Gold Price, USDX, and Stocks: The Winds Blow but the Mountains Stand Strong
No market moves up or down in a straight line, and there are pullbacks, pauses, and corrections. See, one doesn’t invalidate the trend.
At least not without a serious signal and its confirmation. Preferably from many related markets. On Monday (Jul. 24), I wrote about the critical nature of the reversals that we saw across the board in weekly terms, and yesterday, I added a special note about the situation in the stock market. Namely, I wrote that since the 2022 decline started with a very brief move above the previous intraday high of the weekly reversal, it’s not a game-changer to see something like that this time.

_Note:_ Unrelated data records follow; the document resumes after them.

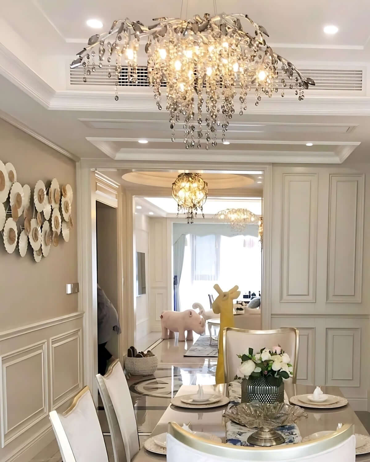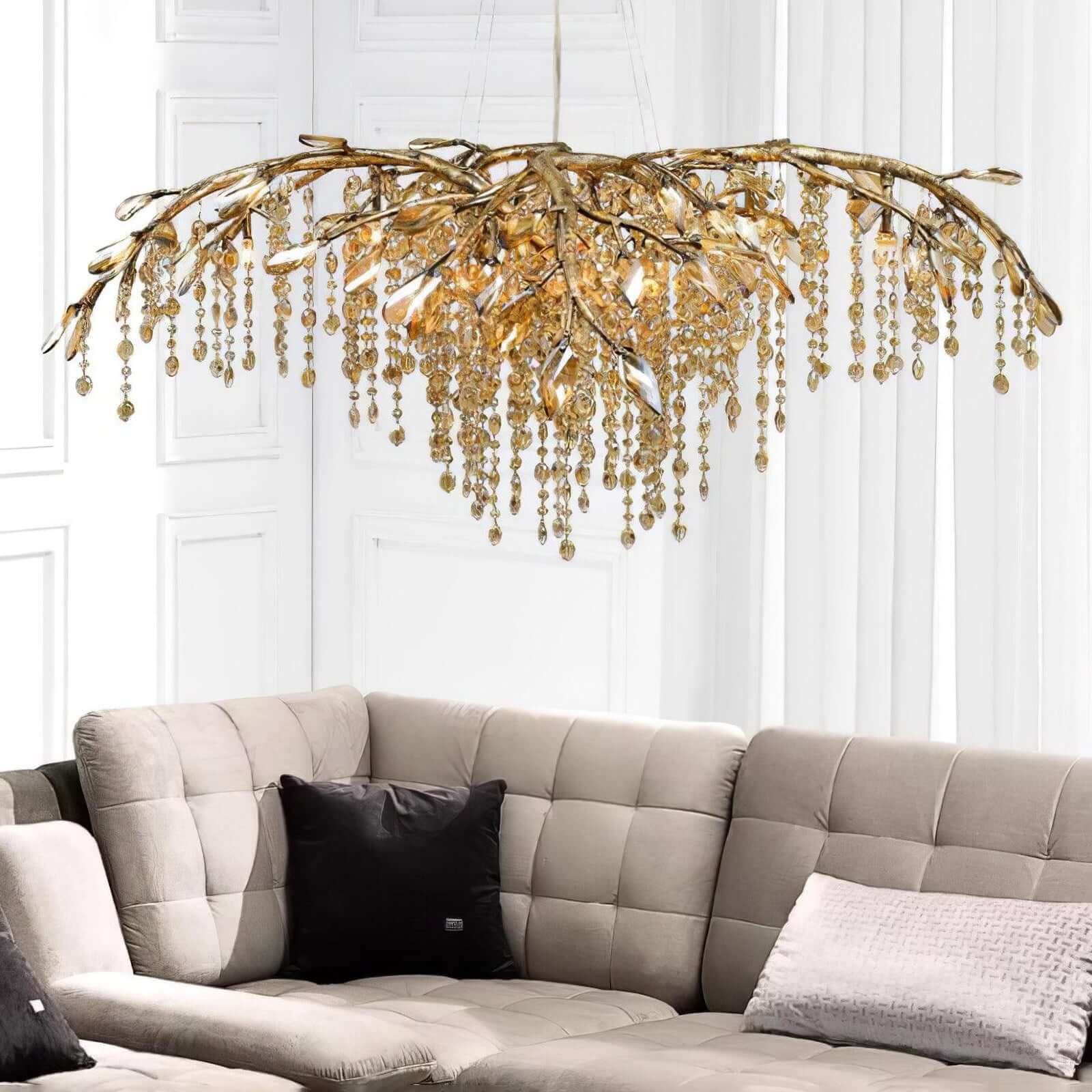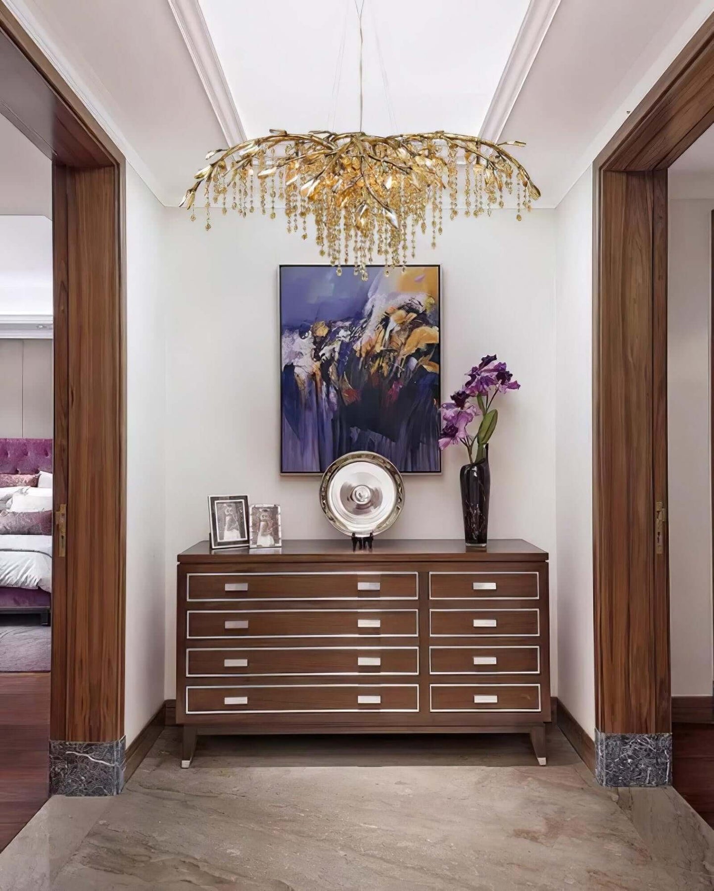 Inspired by nature, this chandelier features golden branches adorned with crystal beads like dewdrops on a forest canopy. Warm candelabra light reflects across the shimmering crystals, creating a statement centerpiece for hallways, bedrooms, lobbies, or luxurious living spaces.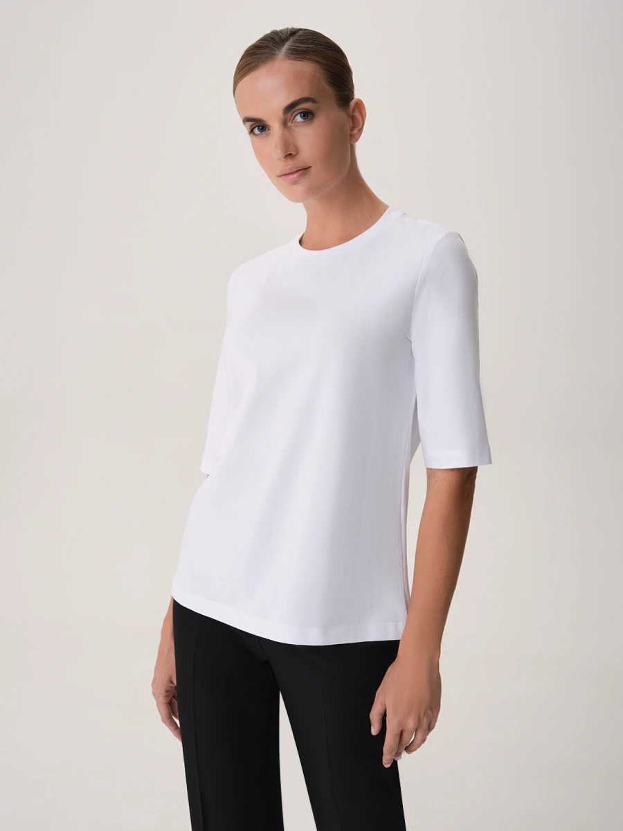 Однотонная белая футболка прямого свободного кроя - незаменимая база любого гардероба. Модель выполнена из мягкой хлопковой ткани премиального качества. Приятно ложится к телу и комфортно носится на протяжении всего дня. Отличительная особенность изделия - просторные рукава до локтя. Футболку можно использовать как самостоятельную единицу образа или в качестве нижнего слоя под объемные рубашки или жакеты.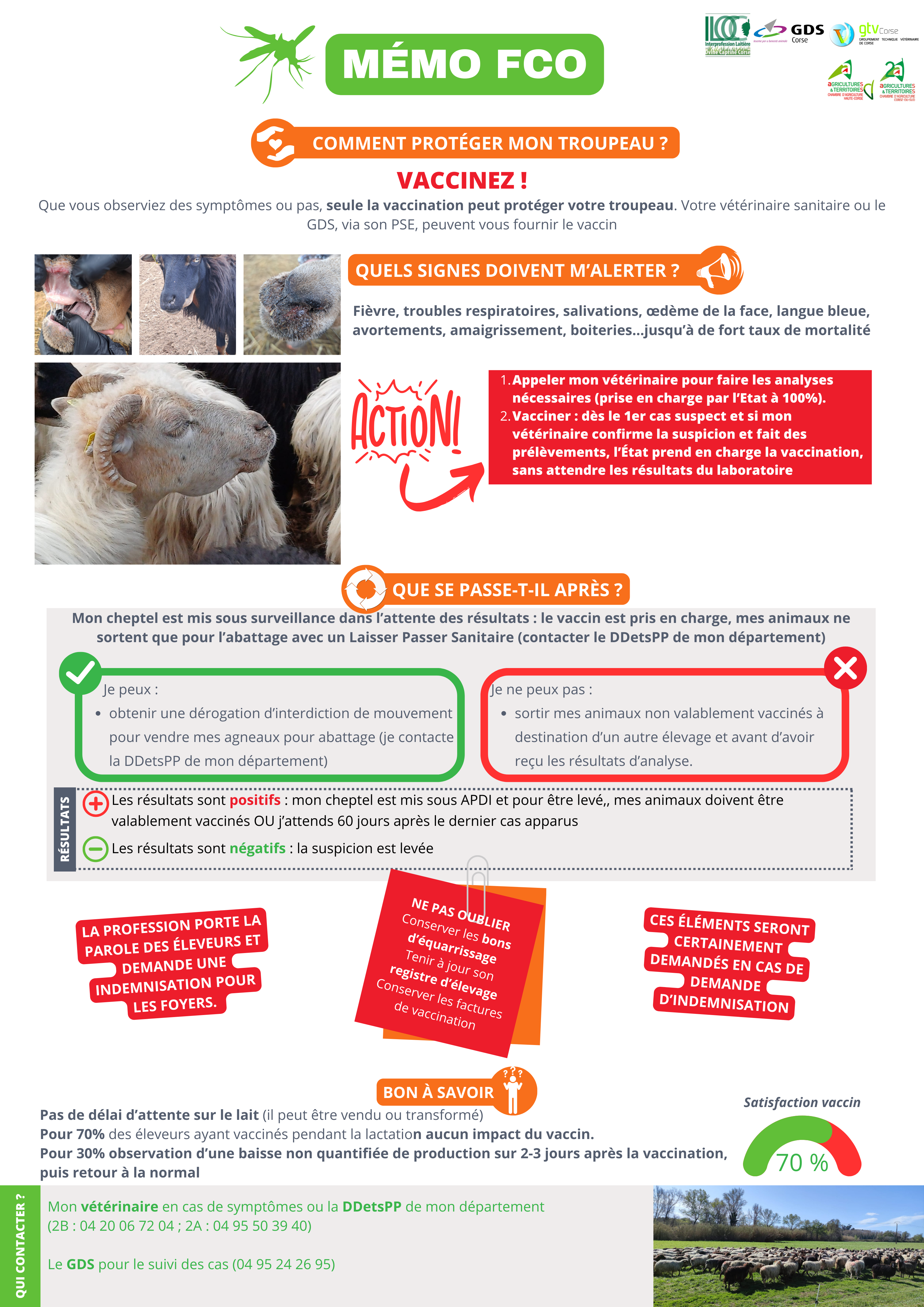 Plusieurs cas cliniques de Fièvre catarrhale ovine – sérotype 8 (FCO – 8) – sont apparus chez des ovins depuis le début de l’automne sur la Corse. Initialement localisées à quelques communes, la maladie s’est propagée en quelques semaines. De nouveaux foyers ovins continuent d’apparaitre.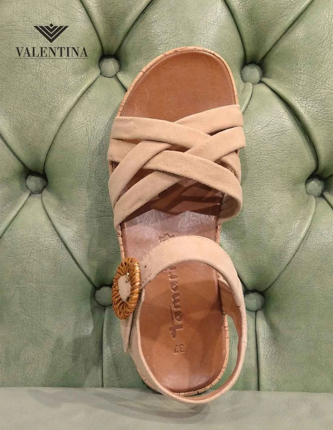Questi sandali da donna Tamaris sono comodi e belli: in pelle di alta qualità, hanno un design elegante con cinturini intrecciati sul piede e una chiusura con fibbia rotonda. Il sandalo ha una zeppa di 3 cm al tallone, ideale per l’uso quotidiano. La punta è arrotondata e la chiusura con velcro rende facile indossare e togliere i sandali. Disponibili bianchi o cuoio.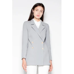 Skromné, ale veľmi elegantné dvojradové sako s dlhými rukávmi a zapínaním na gombíky. Ozdobné gombíky na rukávoch, dokonale priliehajúce na telo.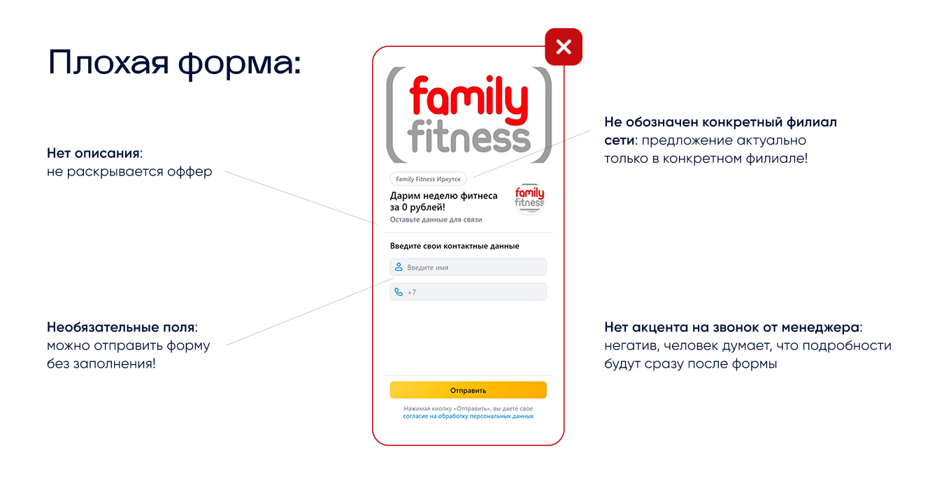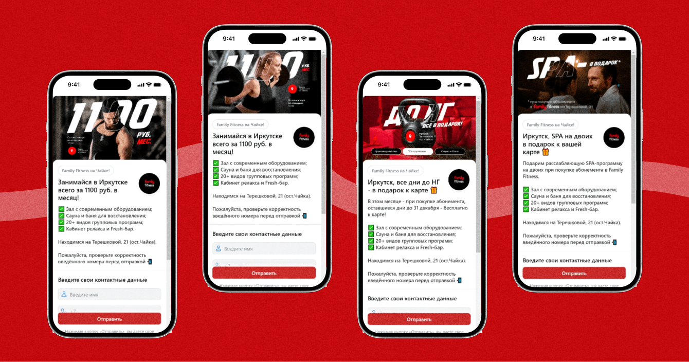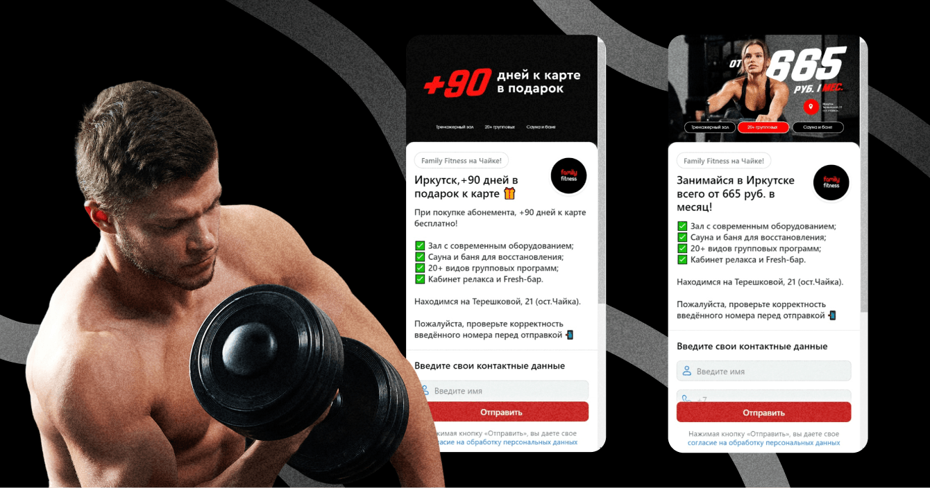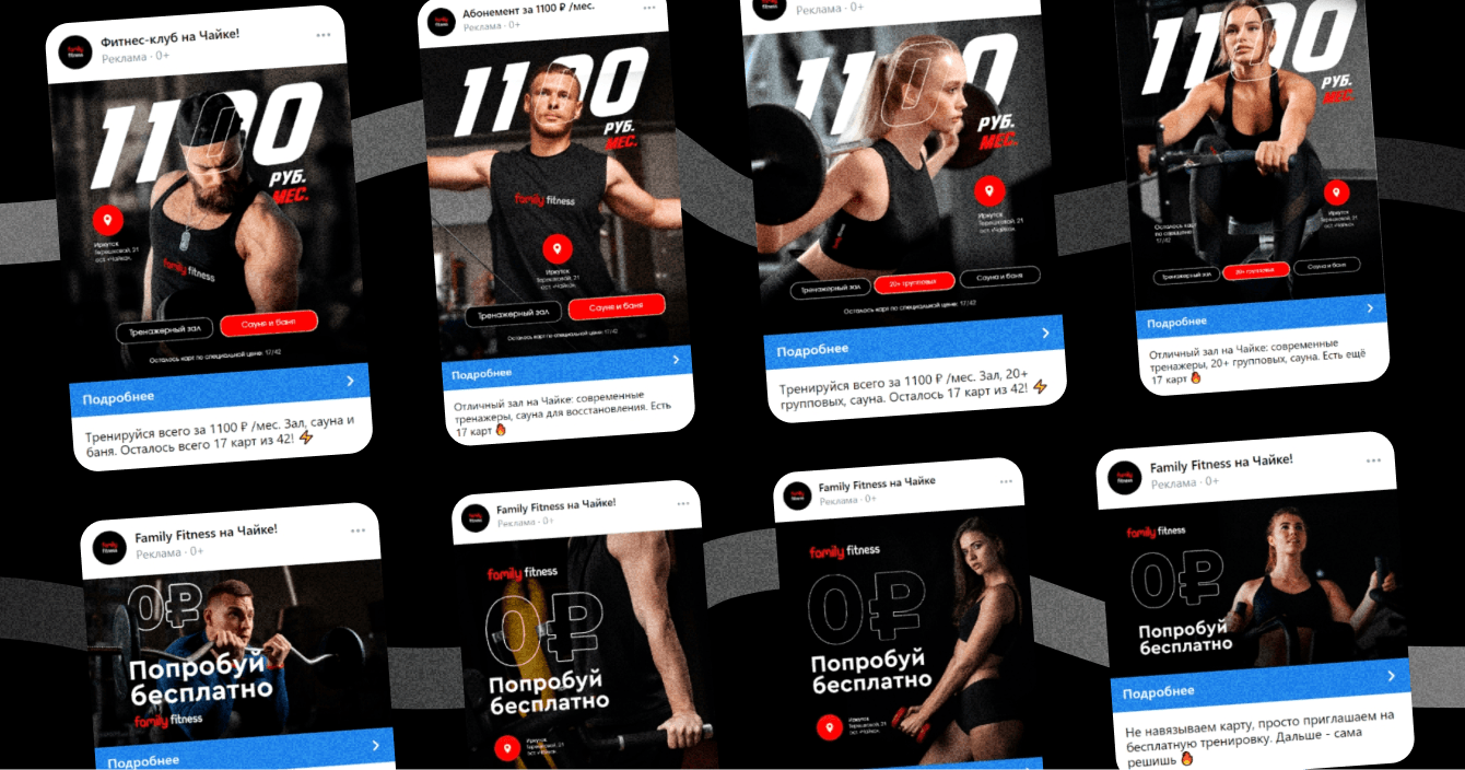 Филиал сети фитнес-клубов Family Fitness. Нет доступа к группе ВК и посадочной странице. Жесткое ограничение показа рекламы: радиус 2 км, чтобы не конкурировать с другими клубами сети.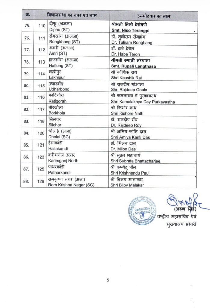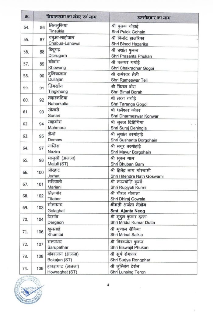 इस लिस्ट में 88 प्रत्याशियों के नाम का ऐलान किया गया है। सूची में एक दिन पहले पार्टी में आए प्रद्यूत बारदोलोई को टिकट दिया गया है। वह दिसपुर से चुनाव लड़ेंगे।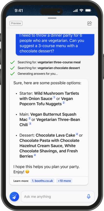 - Two weeks after launching the new AI-enabled Bing on desktop, the new Bing became available in the Bing mobile app and through Microsoft’s Edge browser for Android and iOS. Skype, Microsoft’s messaging app, also now allows you to bring Bing into a text conversation to add additional information with the @Bing command. Bing’s AI has seen some drama since its launch as users trolled and tested the AI’s limits, which pushed Microsoft to adjust some parameters around things like the length of conversations and other things. Unfortunately, that means the AI is now restricting users to six turns per conversation and 60 total queries today.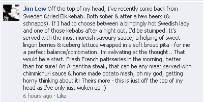 eDreams: Jim, to go back to the good food (hungry already!), you were saying it would be difficult for you to pick between an Elk Kebab and a “blindigly hot Swedish lady” if you had to.

That’s exactly what we saw yesterday!
Stocks Reverse Once Again
The current weekly candlestick might appear more bullish than the early-2022 one because it’s white and points to a rally. BUT let’s not forget that the week is not over. In fact, the above chart is based on only two sessions out of five. Consequently, quite a lot can change, and at the moment, the similarity appears to be intact. So far, the S&P 500 futures are down slightly in today’s pre-market trading, which is also in tune with the above.
Moreover, do you know what’s even more bearish and reversal-ly than a weekly reversal?
Seeing a daily reversal on top of it! And that’s exactly what we saw yesterday!
The S&P 500 Index rallied and then moved back down yesterday, forming a daily shooting star candlestick. All this while the RSI is above 70, indicating overbought conditions and vulnerability for a sell-off.
This is bearish, and so are the implications for the precious metals sector, especially for junior mining stocks.
Meanwhile, the USD Index hasn’t done anything special – it moved back and forth yesterday, and the short-term uptrend remains intact.
The key event of the recent past is still USDX’s breakdown to new yearly lows and the subsequent invalidation of that breakdown.
Precious Metals Take a Breather
From the weekly point of view, nothing really changed yet, so the situation is pretty much as it was after Friday’s close. And the outlook after Friday’s close was exceptionally bearish due to the weekly reversals.
The same is the case with the GDXJ. It just moved slightly higher, and that’s very much in tune with what it did after the first post-disappointing-nonfarm-payroll-based tops.
If you focus on the tops that followed the horizontal red lines, you’ll see that the initial decline was followed by a quick rebound – in particular, it was visible in April 2022.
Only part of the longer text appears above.